═══ Records to process ═══

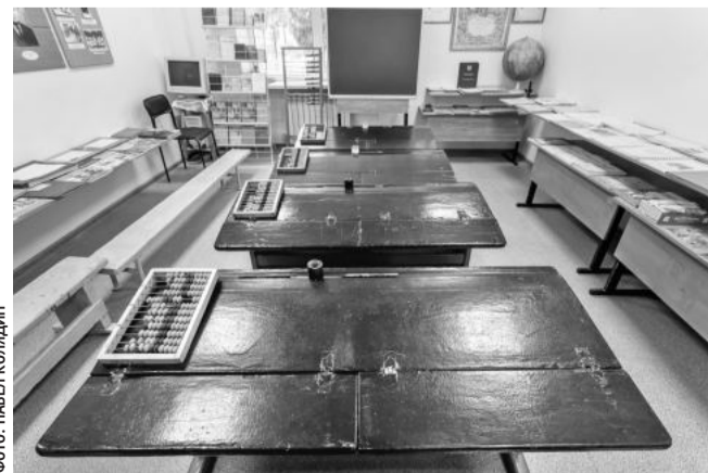
Зал истории образования в музее Томаровской школы № 1

С тех пор все уроки русского языка, литературы и беседы о советском обществе проходили без курьёзов. Молодёнская учительница даже съездила в областное управление кинофикации. Договорилась каждую неделю по пятницам привозить в колонию фильмы.
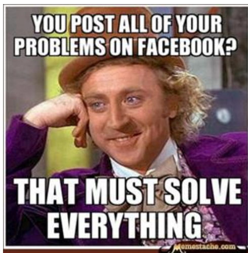
Рис. 2. Интернет-мем, передающий сарказм 1 Fig. 2. Sarcastic internet meme
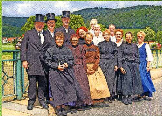
Einige Mecklarer waren in alter Tracht gekommen.

Alle Erwartungen übertroffen! So könnte man Programm und Besucherandrang beim zweiten Mecklarer Brückenfest, das am vergangenen Sonntag von der neugegründeten Vereinsgemeinschaft rund um das 1899 errichtete Mecklarer Wahrzeichen veranstaltet worden ist, zusammenfassen. Jeder Verein brachte sich mit Rat und Tat und vielen fleißigen Händen ein, und auch die Kirchengemeinde mit Pfarrerin Karin Ludwig-Heiderich an der Spitze leistete ihr „Scherlein“. Beispielsweise beim Festgottesdienst, in dem thematisch auf das Brückenfest Bezug genommen und zum Bauen zwischenmenschlicher Brücken ermutigt wurde. Zur Mittagessenszeit gab es leckere, mit Backhaus-Brot servierte Gerichte, und Kaffee und Kuchen ließen auch nicht lange auf sich warten. Mit einer kleinen, regenbedingten Verzögerung begann die Brückensportolympiade, die die Mannschaft des Kids-Clubs für sich entscheiden konnte. Nachfolgend ein paar erste fotografische Eindrücke mit Fotos von Wilfried Apel.
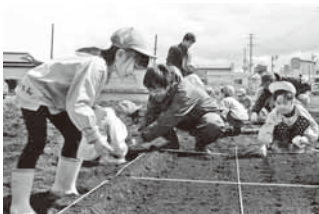
にんじんの種まき

園児らは若手農業者から種まきの仕方など指導を受け「大きくな～れ」と願いを込めながら2種類の作物を植え付けました。今後、時期に応じて他の作物も育てる予定。
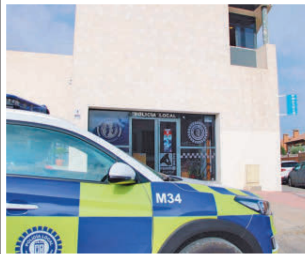
Policía Local de Arganda del Rey

32 en la residencia y 28 en Centro de Día. En la residencia se proporciona una atención integral que incluye alojamiento, manutención apoyo personal y fomento de actividades de ocio y rehabilitadoras para evitar su deterioro. El recurso de atención diurna presta cuidados especializados para potenciar las capacidades sociales de estas personas.
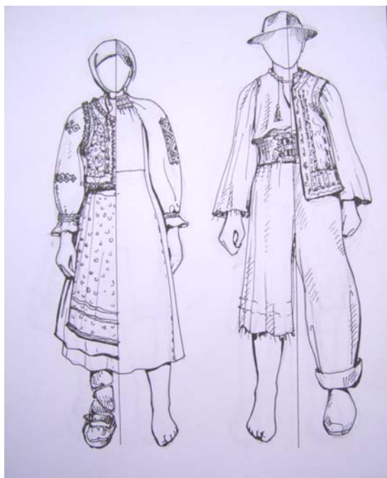
а б Рисунок 3 – Складові костюму долинян Закарпаття а) жіночий; б) чоловічий

Бойківська жіноча сорочка також довгий час зберігала свою архаїчну форму (рис.2). Від Східних Бескидів до Верховини домінує коротка, (сягаюча стегон) сорочка. Її зшивали із трьох або чотирьох частин. Кінці вшитих рукавів та навколо вирізу горловини полотно збирали у дрібненькі складки «р'ями», на які наносилася вишивка виконана у техніці низинки, рідше хрестик. Завдяки цьому досягалась фактурна і надзвичайно багата поверхня полотна. На бойківській жіночій сорочці нагрудний виріз розташований на правій стороні, що сильно відрізняє її від інших українських чи угорських сорочок. Орнаментація та колористика містить багато спільних елементів із гуцульською сорочкою, але вище приведені конструктивні та декоративні засоби різко відрізняють її від інших етносів. На деяких сорочках вишивалися навіть лінії крою.
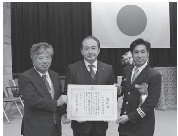
国土交通副大臣と
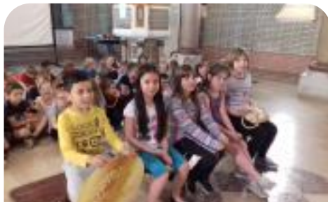
Projet de comédie musicale "Je veux apprendre" par les CE1, CE2 et CM1 de l'école Barbusse
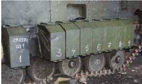
Фото НИИ Стали, 2004 г.

Рис.6. Результат попадания гранаты ПГ-9В в борт БМП-2, защищенного ДЗ с ЭДЗ 4С24. Пробития нет. Из строя вышел только 1 блок.
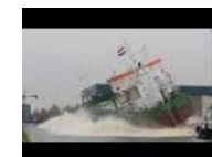
Botadura del granelero SNOW CRYSTAL

Resumen de Coordinadora del conflicto de la estiba
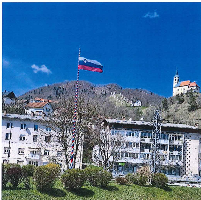
Obnovljen drog z državno zastavo v Spominskem parku osamosvojitve Slovenije v Idriji.

V letu 2021 je bila izdelana krožna klop, premera petih metrov v kovinsko leseni izvedbi, ki je bila koncem leta postavljena okoli spominske lipi. S to klopjo se izpostavlja zgodovinski pomen tega drevesa. Istočasno pa klop Idrijčanom in turistom nudi tudi mesto za druženje in počitek.
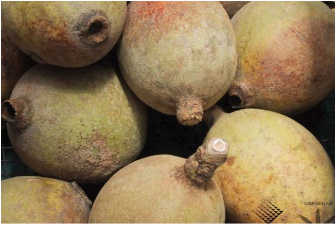
Figura 2. Flor de Guaitil.

═══

• Action item
All of the entries above need to be transcribed exactly, except for the pictures.

• Task result
Зал истории образования в музее Томаровской школы № 1

С тех пор все уроки русского языка, литературы и беседы о советском обществе проходили без курьёзов. Молодёнская учительница даже съездила в областное управление кинофикации. Договорилась каждую неделю по пятницам привозить в колонию фильмы.
Рис. 2. Интернет-мем, передающий сарказм 1 Fig. 2. Sarcastic internet meme
Einige Mecklarer waren in alter Tracht gekommen.

Alle Erwartungen übertroffen! So könnte man Programm und Besucherandrang beim zweiten Mecklarer Brückenfest, das am vergangenen Sonntag von der neugegründeten Vereinsgemeinschaft rund um das 1899 errichtete Mecklarer Wahrzeichen veranstaltet worden ist, zusammenfassen. Jeder Verein brachte sich mit Rat und Tat und vielen fleißigen Händen ein, und auch die Kirchengemeinde mit Pfarrerin Karin Ludwig-Heiderich an der Spitze leistete ihr „Scherlein“. Beispielsweise beim Festgottesdienst, in dem thematisch auf das Brückenfest Bezug genommen und zum Bauen zwischenmenschlicher Brücken ermutigt wurde. Zur Mittagessenszeit gab es leckere, mit Backhaus-Brot servierte Gerichte, und Kaffee und Kuchen ließen auch nicht lange auf sich warten. Mit einer kleinen, regenbedingten Verzögerung begann die Brückensportolympiade, die die Mannschaft des Kids-Clubs für sich entscheiden konnte. Nachfolgend ein paar erste fotografische Eindrücke mit Fotos von Wilfried Apel.
にんじんの種まき

園児らは若手農業者から種まきの仕方など指導を受け「大きくな～れ」と願いを込めながら2種類の作物を植え付けました。今後、時期に応じて他の作物も育てる予定。
Policía Local de Arganda del Rey

32 en la residencia y 28 en Centro de Día. En la residencia se proporciona una atención integral que incluye alojamiento, manutención apoyo personal y fomento de actividades de ocio y rehabilitadoras para evitar su deterioro. El recurso de atención diurna presta cuidados especializados para potenciar las capacidades sociales de estas personas.
а б Рисунок 3 – Складові костюму долинян Закарпаття а) жіночий; б) чоловічий

Бойківська жіноча сорочка також довгий час зберігала свою архаїчну форму (рис.2). Від Східних Бескидів до Верховини домінує коротка, (сягаюча стегон) сорочка. Її зшивали із трьох або чотирьох частин. Кінці вшитих рукавів та навколо вирізу горловини полотно збирали у дрібненькі складки «р'ями», на які наносилася вишивка виконана у техніці низинки, рідше хрестик. Завдяки цьому досягалась фактурна і надзвичайно багата поверхня полотна. На бойківській жіночій сорочці нагрудний виріз розташований на правій стороні, що сильно відрізняє її від інших українських чи угорських сорочок. Орнаментація та колористика містить багато спільних елементів із гуцульською сорочкою, але вище приведені конструктивні та декоративні засоби різко відрізняють її від інших етносів. На деяких сорочках вишивалися навіть лінії крою.
国土交通副大臣と
Projet de comédie musicale "Je veux apprendre" par les CE1, CE2 et CM1 de l'école Barbusse
Фото НИИ Стали, 2004 г.

Рис.6. Результат попадания гранаты ПГ-9В в борт БМП-2, защищенного ДЗ с ЭДЗ 4С24. Пробития нет. Из строя вышел только 1 блок.
Botadura del granelero SNOW CRYSTAL

Resumen de Coordinadora del conflicto de la estiba
Obnovljen drog z državno zastavo v Spominskem parku osamosvojitve Slovenije v Idriji.

V letu 2021 je bila izdelana krožna klop, premera petih metrov v kovinsko leseni izvedbi, ki je bila koncem leta postavljena okoli spominske lipi. S to klopjo se izpostavlja zgodovinski pomen tega drevesa. Istočasno pa klop Idrijčanom in turistom nudi tudi mesto za druženje in počitek.
Figura 2. Flor de Guaitil.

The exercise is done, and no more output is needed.